The task:
All of the data, word for word and free of pictures, is the expected result.
[Data shown]
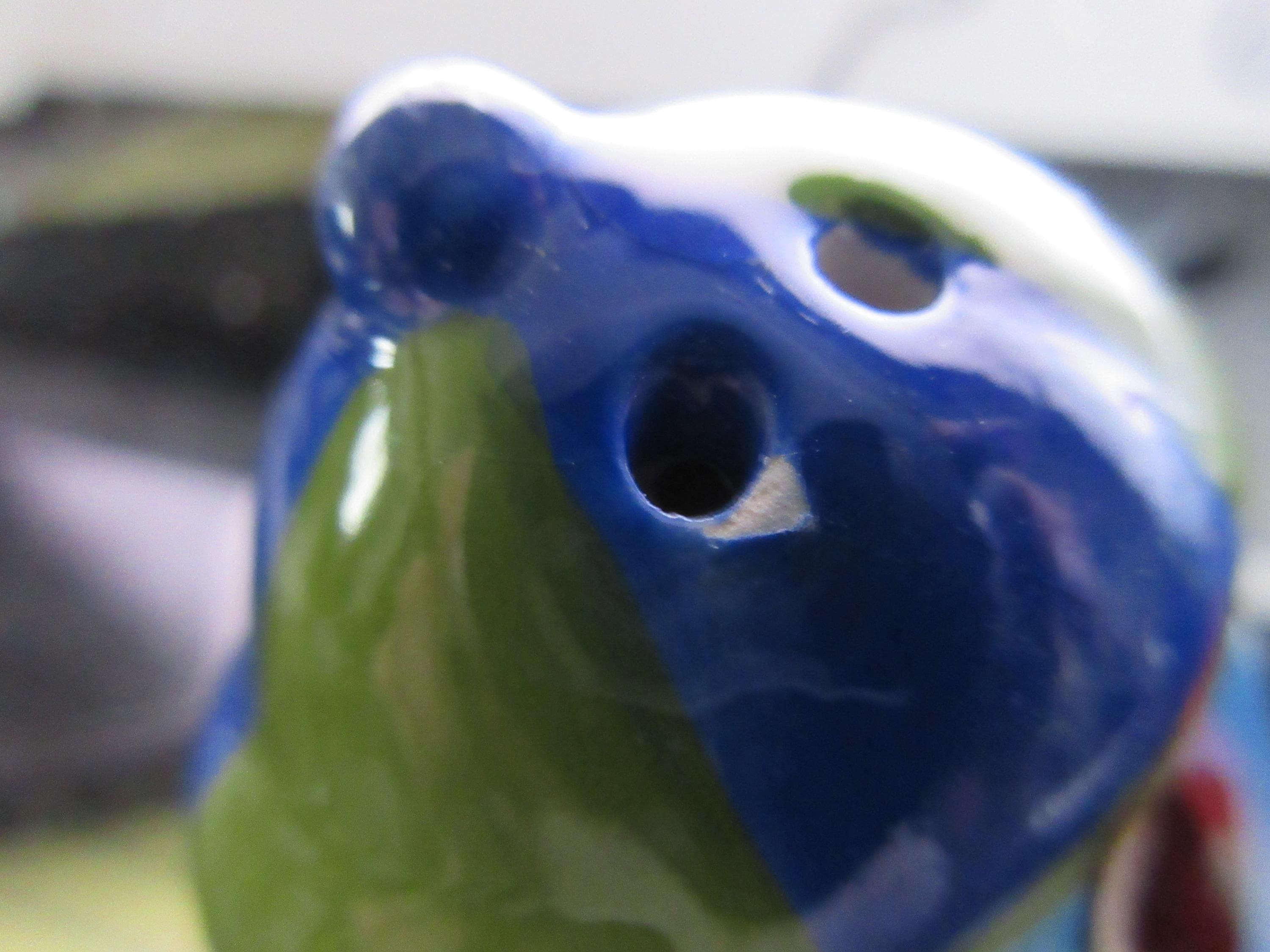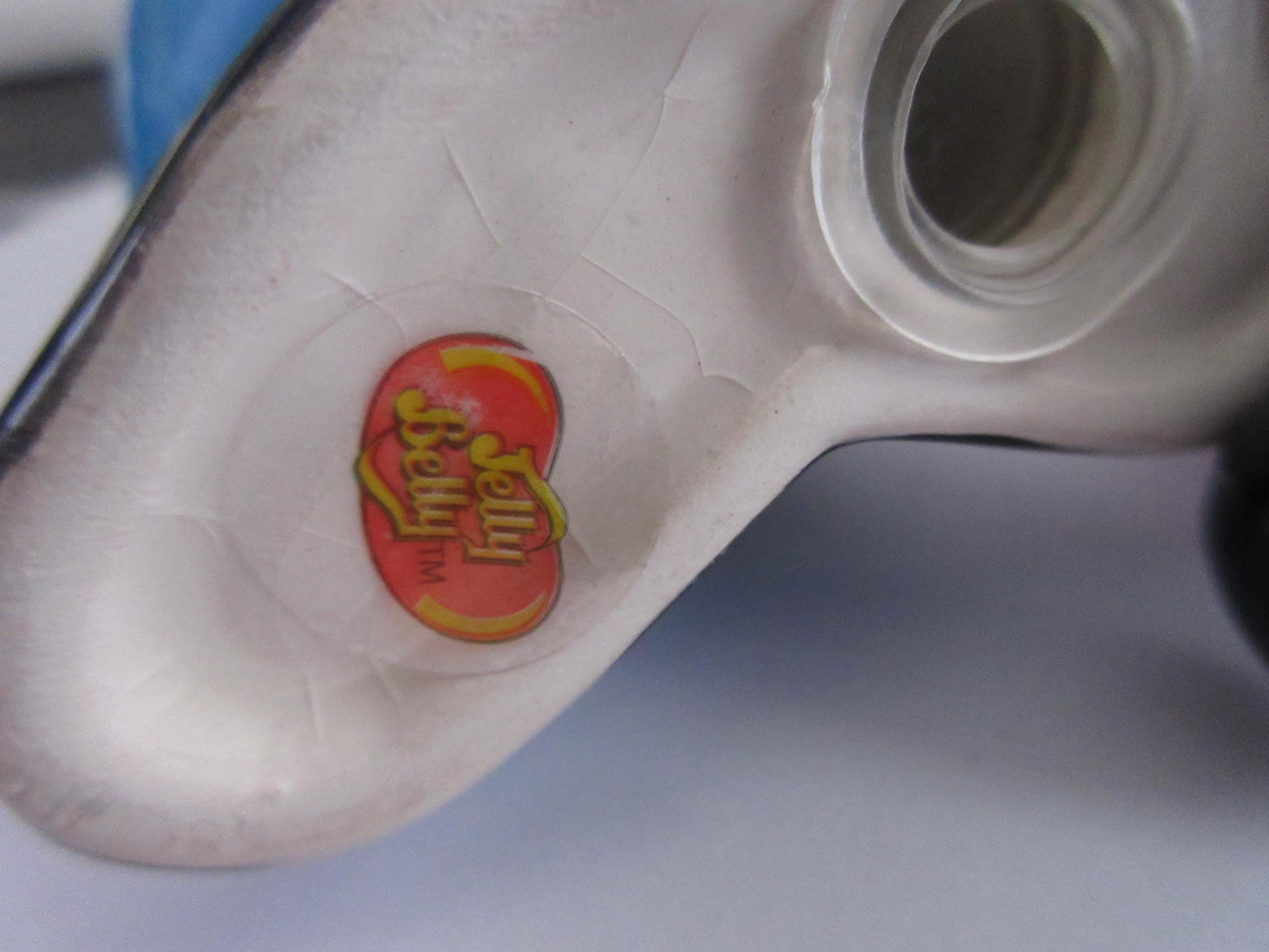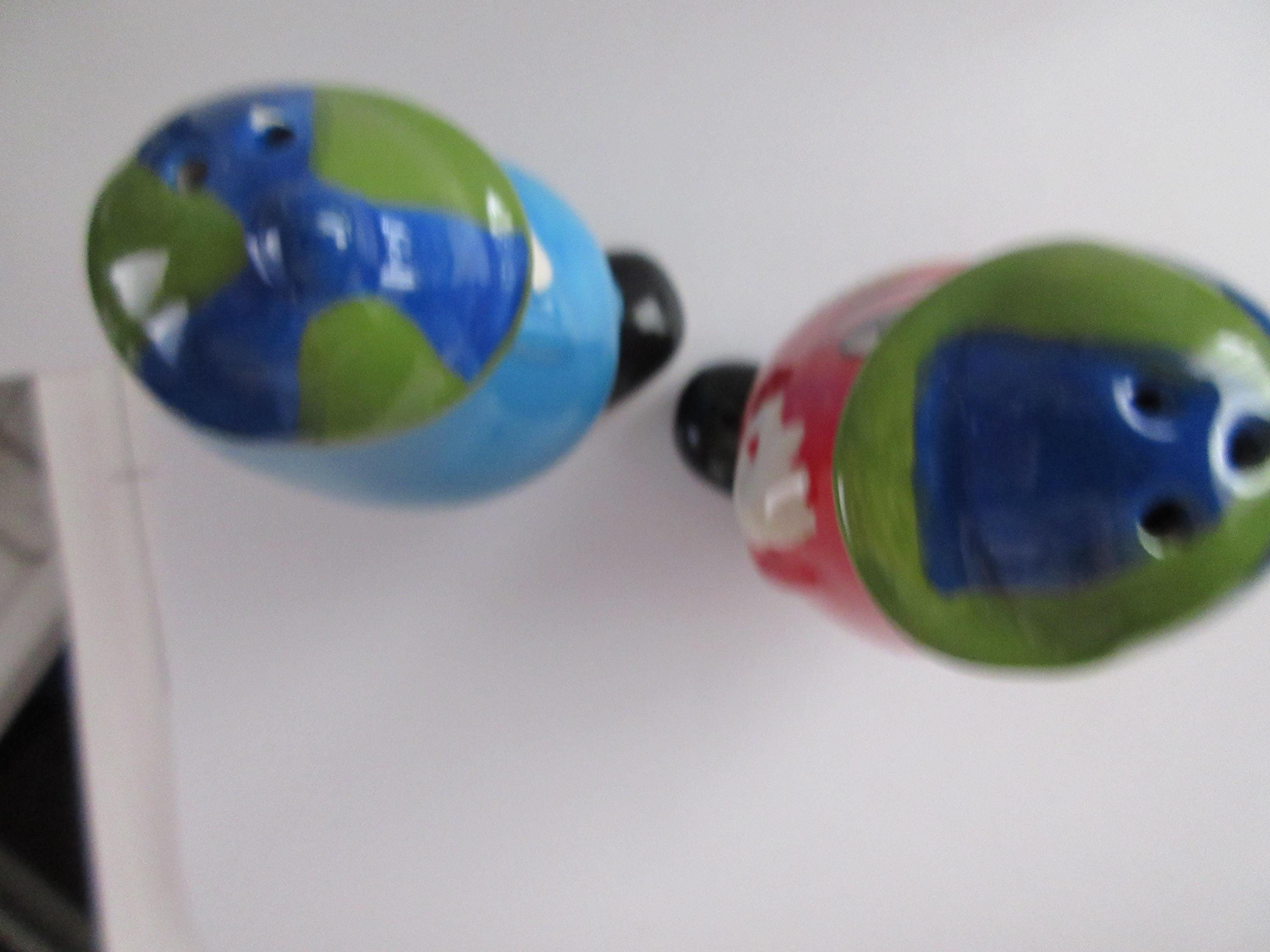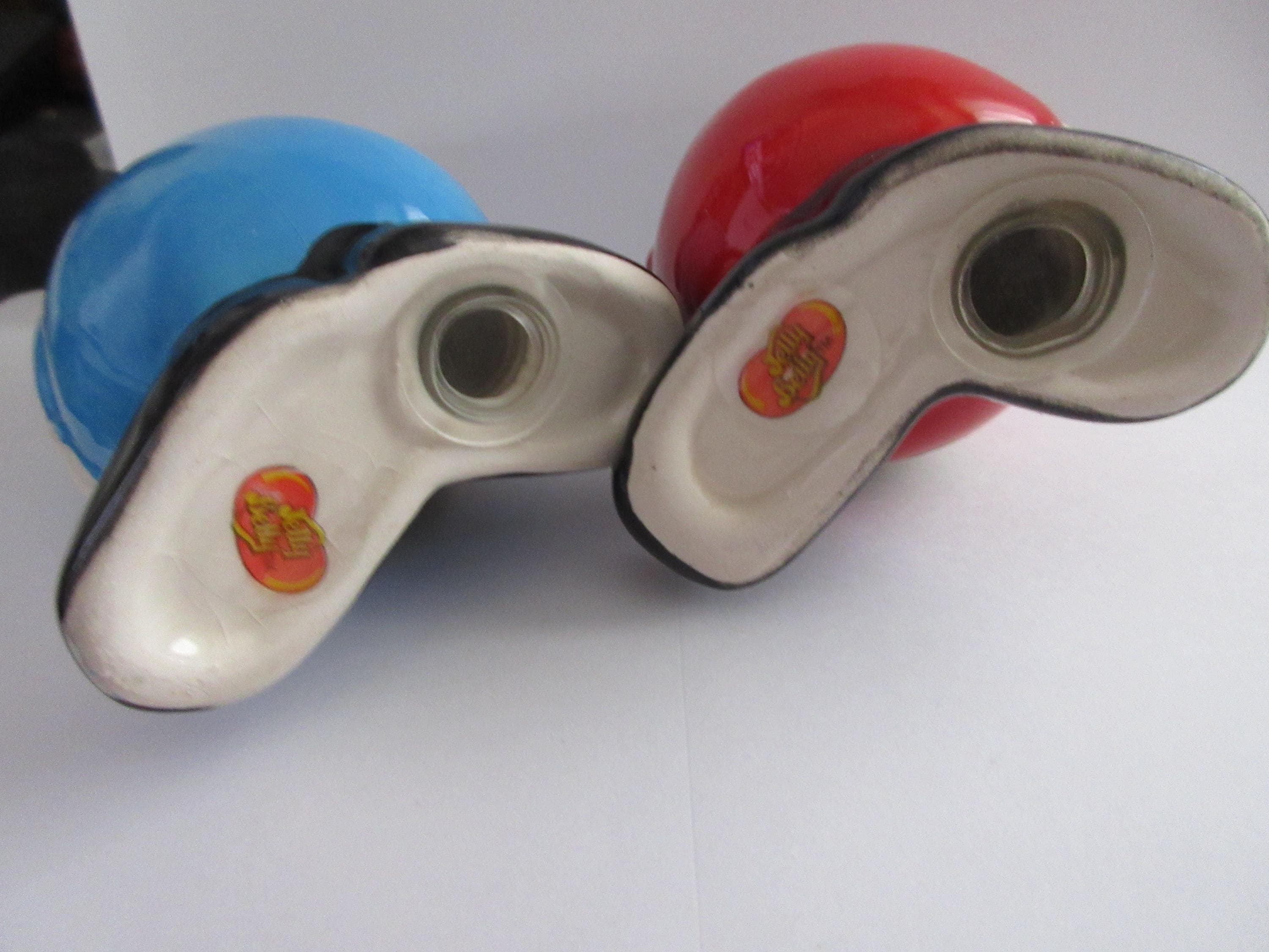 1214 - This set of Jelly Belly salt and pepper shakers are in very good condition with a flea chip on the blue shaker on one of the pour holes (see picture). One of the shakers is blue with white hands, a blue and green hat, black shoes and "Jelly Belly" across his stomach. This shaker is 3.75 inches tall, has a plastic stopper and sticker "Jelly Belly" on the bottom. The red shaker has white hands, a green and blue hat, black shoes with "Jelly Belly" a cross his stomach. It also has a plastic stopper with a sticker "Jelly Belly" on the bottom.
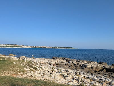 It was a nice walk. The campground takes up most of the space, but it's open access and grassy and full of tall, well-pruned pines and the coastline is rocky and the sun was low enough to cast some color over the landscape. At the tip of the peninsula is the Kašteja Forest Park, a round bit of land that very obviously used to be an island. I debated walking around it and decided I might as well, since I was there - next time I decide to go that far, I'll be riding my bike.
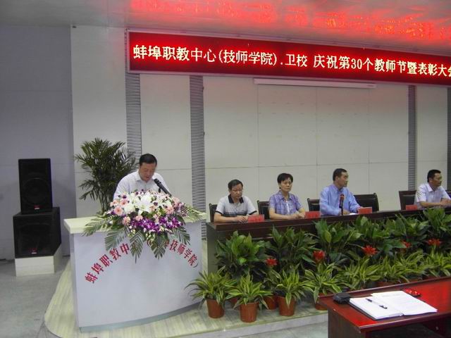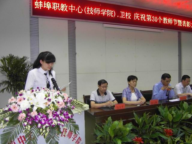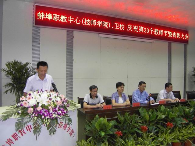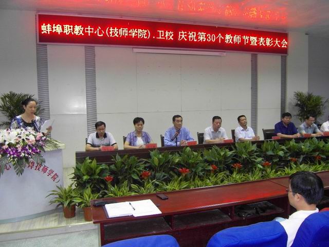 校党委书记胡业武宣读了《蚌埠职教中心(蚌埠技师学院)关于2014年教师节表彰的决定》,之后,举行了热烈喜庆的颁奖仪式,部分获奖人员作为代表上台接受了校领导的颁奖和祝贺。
[/Data shown]
Exercise result:
 1214 - This set of Jelly Belly salt and pepper shakers are in very good condition with a flea chip on the blue shaker on one of the pour holes (see picture). One of the shakers is blue with white hands, a blue and green hat, black shoes and "Jelly Belly" across his stomach. This shaker is 3.75 inches tall, has a plastic stopper and sticker "Jelly Belly" on the bottom. The red shaker has white hands, a green and blue hat, black shoes with "Jelly Belly" a cross his stomach. It also has a plastic stopper with a sticker "Jelly Belly" on the bottom.
 It was a nice walk. The campground takes up most of the space, but it's open access and grassy and full of tall, well-pruned pines and the coastline is rocky and the sun was low enough to cast some color over the landscape. At the tip of the peninsula is the Kašteja Forest Park, a round bit of land that very obviously used to be an island. I debated walking around it and decided I might as well, since I was there - next time I decide to go that far, I'll be riding my bike.
 校党委书记胡业武宣读了《蚌埠职教中心(蚌埠技师学院)关于2014年教师节表彰的决定》,之后,举行了热烈喜庆的颁奖仪式,部分获奖人员作为代表上台接受了校领导的颁奖和祝贺。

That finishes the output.